15 views (last 30 days)
scott lamb on 26 Nov 2020
Commented: John D'Errico on 26 Nov 2020
when i run the code below, the plots do not look correct to me. As when i make the time step smaller the eulers should get more accurate, thus closer matching the exact solution? But when i do this they eulers and exact solution seem to get further apart on the plot.
clear;
h=0.05; % time step
t=0:h:4; %time range
y=zeros(size(t)); % set y array all 0's to same size as t
y(1)=2; % set initial condition at time 0 to 2
n=numel(y);
dydt = 4*exp(0.8*t) - 0.5*y;
exact_sol=(4/1.3)*(exp(0.8*t)-exp(-0.5*t))+2*exp(-0.5*t); %This is the exact solution to dy/dt
for i=1 : n-1 %for loop to interate through y values for
y(i+1)= y(i)+ h * dydt(i); % the Euler method
end
plot(t,y) %plot Euler
hold on
plot(t,exact_sol,'red'); % plots the exact solution to this differential equation
grid on

John D'Errico on 26 Nov 2020
Edited: John D'Errico on 26 Nov 2020
Sorry, but your code is wrong (so is your exact solution.) Why? Look at what you wrote.
h=0.05; % time step
t=0:h:4; %time range
y=zeros(size(t)); % set y array all 0's to same size as t
y(1)=2; % set initial condition at time 0 to 2
n=numel(y);
dydt = 4*exp(0.8*t) - 0.5*y;
So dydt is a VECTOR. t and y are vectors. However, y is a vector with first element 2, and EVERY other element 0.

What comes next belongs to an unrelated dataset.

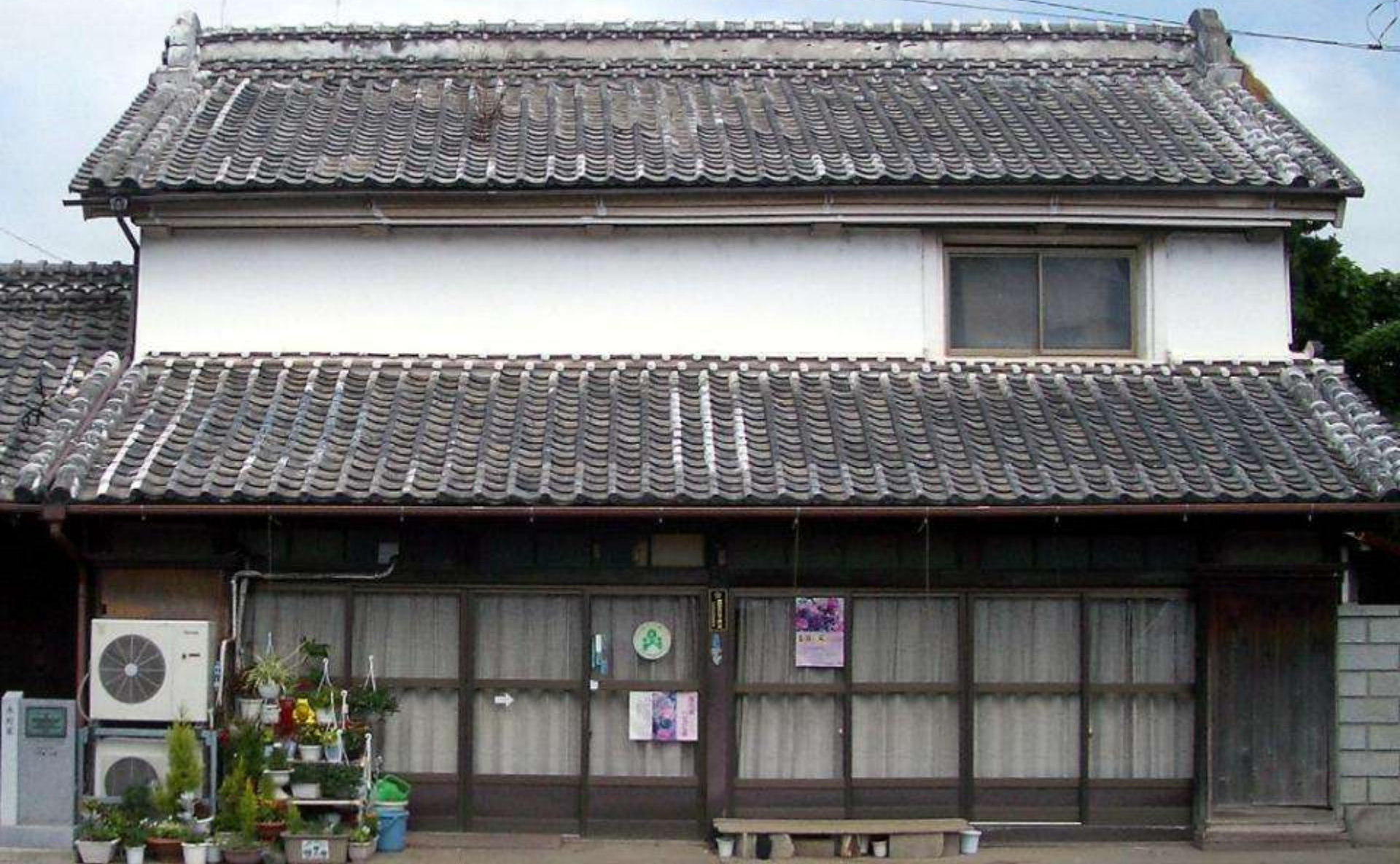
天保年間建設の見世蔵(御陣屋前通り・木村家)

for i=1 : n-1 %for loop to interate through y values for
y(i+1)= y(i)+ h * dydt(i); % the Euler method
end
How do you use dydt? Remember, it was fixed before the loop. Those vector elements don't change. You never update dydt when y changes. Therefore you are not solving the problem you think you are solving. You need to update dydt as a function, that changes as both y and t vary. If you don't, well then you get arbitrary garbage as a result - what you got, in fact. That is, you CANNOT create dydt in advance as avector.
So first, let me check your claim as to the solution.
syms y(t)
true_sol = dsolve(diff(y,t,1) == 4*exp(0.8*t) - 0.5*y(t),y(0) == 2)
true_sol = Interestingly, that is also not the same as what you claim to be the solution. So exact_sol is also incorrect.
simplify(true_sol - (4/1.3)*(exp(0.8*t)-exp(-0.5*t))+2*exp(-0.5*t))
ans = I'm not sure what you screwed up in the solve, but your "exact_sol" is not. Not exact, that is. And since I don't see your code, I can only guess what you did wrong on paper. I won't try to do that.
Now let me implement Euler's method. I'll still use your code as a template, but mine will be correct. :)
h = 0.05; % time step
t = 0:h:4; %time range
y = zeros(size(t)); % set y array all 0's to same size as t
y(1) = 2; % set initial condition at time 0 to 2
n = numel(y);
dydt = @(y_i,t_i) 4*exp(0.8*t_i) - 0.5*y_i;
for i=1 : n-1 % for loop to interate through y values for
y(i+1)= y(i)+ h * dydt(y(i),t(i)); % Euler update
end
plot(t,y,'-b') %plot Euler
hold on
fplot(true_sol,[0,4],'r'); % plots the exact solution to this differential equation You can see the two curves as I plotted them are now almost on top of each other. A little larger value of h would have been good perhaps to show off the difference more. But Euler actually did pertty well here.

scott lamb on 26 Nov 2020
Thank you so much for your quick response, i can see my errors now. Though the exact solution was given to me in the question and it says the exact solution and could be determined analytically as : -
(4/1.3)*(exp(0.8*t)-exp(-0.5*t))+2*exp(-0.5*t))
And to write code to plot and compare both the Euler method for y' = 4*exp(0.8*t) - 0.5*y and the exact solution determined analytically?
i have changed
%true_sol = dsolve(diff(y,t,1) == 4*exp(0.8*t) - 0.5*y(t),y(0) == 2);
to
true_sol=(4/1.3)*(exp(0.8*t)-exp(-0.5*t))+2*exp(-0.5*t); %This is the exact solution to dy/dt. determied analytically
and this also seems to work, yeilding the same results? am i totally of the mark or would this now be right given the question? John D'Errico on 26 Nov 2020
syms t
yoursol = (4/1.3)*(exp(0.8*t)-exp(-0.5*t))+2*exp(-0.5*t);
syms y(t)
mysol = dsolve(diff(y,t,1) == 4*exp(0.8*t) - 0.5*y,y(0) == 2);
expand(mysol)
ans = simplify(mysol - yoursol)
ans =
0
So it looks like the two solutions are the same after all after simplification. I probably copied the wrong solution from you.